Tuesday, October 18, 2011

Here I Go Again

After 27 years of marriage, and two children my entire family is now enrolled in college. My son's are pursuing the prerequisites to apply to pharmacy school, while my wife is completing her EDS at the University of Alabama. After having earned a seminary degree from Samford and a Ph. D. from Southern Seminary I am now beginning to work on my Masters in Education hoping to return to the classroom.

Many of my friends find my new status as a student, comical.  I, however, am excited.

For the past two years I have been learning how to tell Bible stories (as opposed to traditional preaching/teaching) in church in an effort to help children and youth discover and internalize the truths of the Gospel more readily.  This strategy is new in the contemporary church although it was Jesus's basic strategy.  I was excited today while reading in Curriculum Planning, the textbook for my Educational Planning class the following:
Gerald Campano (2007) says, . . . one of the most powerful ways students can share their knowledge, partake in their own education, and intervene on their own behalf is by telling their stories, (as cited in Henson, 2010, p. 5).
I believe that Campano and others who are emphasizing the importance of story are connecting  our current education and increased dependence on technology to the ancient wisdom of how our minds have processed information from the beginning.

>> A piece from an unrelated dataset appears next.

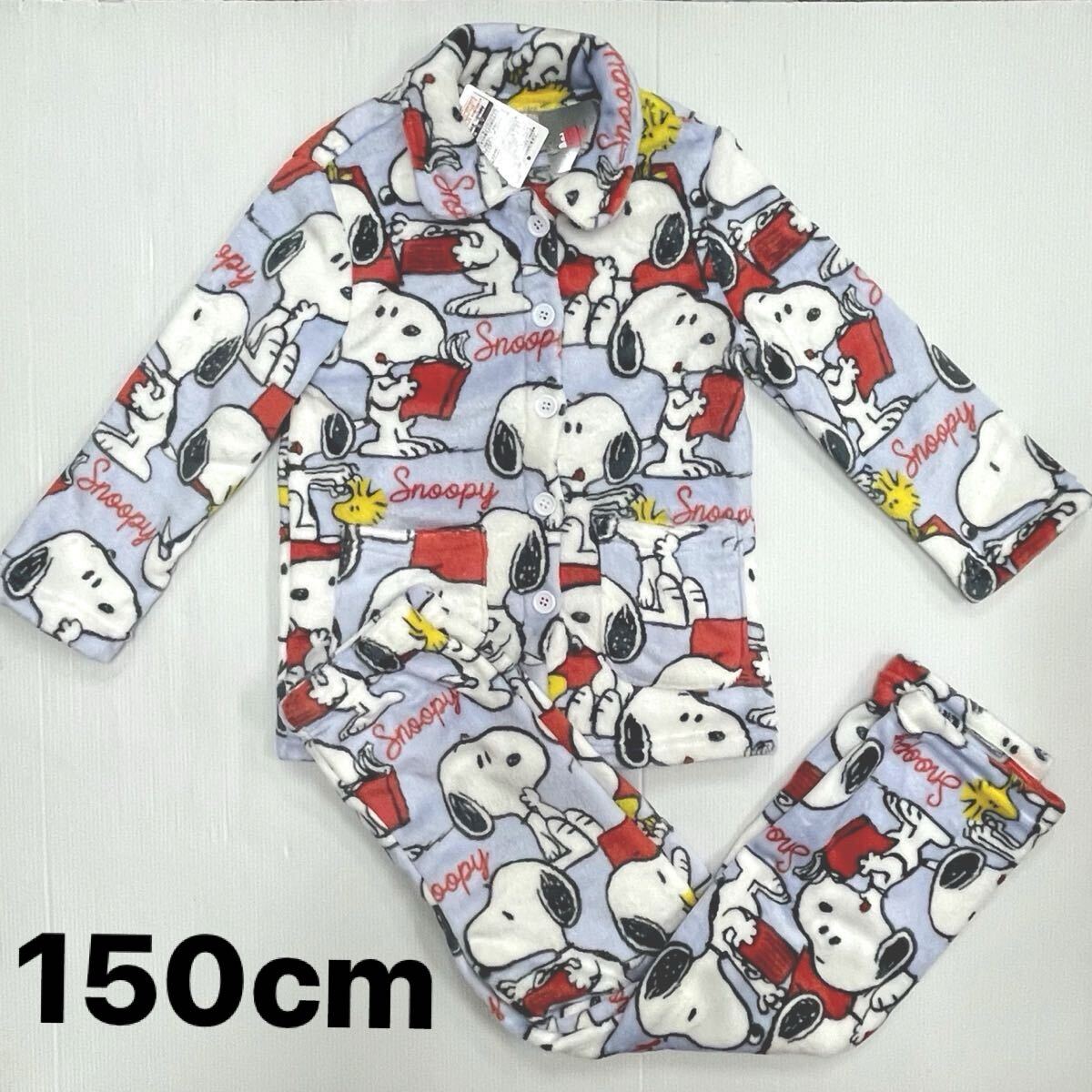 - 新品63437 スヌーピー150cm ライトブルー ジュニアフリース前開き長袖フランネルパジャマ 前ボタン ルームウェアあったか素材男女兼用

The challenge for educators is learning how to guide students in sharing with one another the stories that are pertinent to the lessons contained in the curriculum. 

The hope is that connecting education curriculum with the students through students story is that this may assist in engaging the relucant learner.
Children and adolescents we label as "reluctant learners" are often anything but reluctant to learn some things. They commonly expend prodigious intellectual energy on whatever engages them--collecting hockey cards or seashells, deciphering arcane rules in online gaming communities, amassing vast amounts of information about pop stars, maneuvering through the Internet, or manipulating a cell phone with skill that seems close to wizardry. No reluctance evident there: They exhibit all the signs of imaginative engagement. It's just that their imaginations seem unable to connect with the curriculum they encounter in school. What accounts for these students' reluctance to expend effort on school learning? The world we expect them to learn about in school is, after all, wonderful and endlessly varied. Why do they fail to see it as such? And how can we make the curriculum as engaging as the world we want to reveal to students?  (Egan & Judson, 2008, p. 20).
My desire is to improve my own skills in engaging students in the lesson I am teaching them whether that lesson is quantum numbers in Chemistry or The Greatest Commandment in Matthew 22:37-39


References

Henson, K. (2010). Curriculum planning:integrating multiculturalism, constructivism, and education reform. (4 ed.). Long Grove, IL: Waveland Press, Inc.

Kieran, E., & Judson, G. (2008). Of whales and wonder:by using cognitive tools to shape instruction, we can make the curriculum more imaginatively engaging. Educational Leadership, 65(6), 20-25.